Effect of Predation by Colpoda sp. in Nitrogen Fixation Rate of Two Free-Living Bacteria

Abstract Biological nitrogen fixation (BNF) is limited to several groups of prokaryotes, which can reduce nitrogen through complex endosymbiotic relationships or as free-living nitrogen-fixing bacteria (FLNFB). Predation of FLNFB by protozoa releases reduced nitrogen, enhancing the formation of plant and bacterial biomass as well as nitrogen (N) mineralization within soil microbial communities. We aim to evaluate the predation effect of Colpoda sp. on two FLNFB Azospirillum lipoferum and Stenotrophomonas sp. during their exponential and lag phase. The likelihood of Colpoda sp. to feed on the former species was needed to ensure there is a predation effect.
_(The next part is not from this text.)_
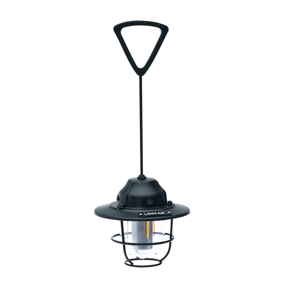A retro-style, rechargeable compact lantern with warm white and bright white options. Four light modes include three static and one that fades slowly between warm and white light. Static light modes include warm white only, white light only, and combined warm and white light.
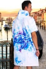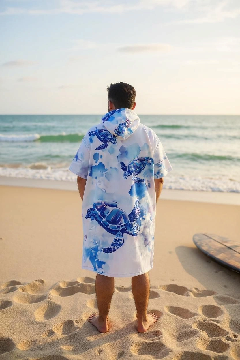 Caretta Caretta Color Dijital Baskılı Pamuk Panço

The kinetics of bacterial population growth was determined in the predators’ presence or absence and the effect of predation on the biological fixation of N was evaluated through the reduction of acetylene to ethylene technique. Colpoda sp. showed a non-significant difference in preferences between the two species offered as prey. Consequently, the abundance of A. lipoferum and Stenotrophomonas sp. decreased significantly due to predator’s pressure. However, it had a higher positive effect on the formation of new bacterial biomass on Stenotrophomonas sp.as revealed by the increase of its specific growth rate. Likewise, predation promoted greater nitrogen fixation in A. lipoferum and Stenotrophomonas sp. during the lag phase (0.34 nM and 0.38 nM) than in the exponential phase (0.27 nM and 0.17 nM). We concluded that predation by Colpodasp stimulates the rate of nitrogen fixation of A. lipoferum and Stenotrophomonas sp.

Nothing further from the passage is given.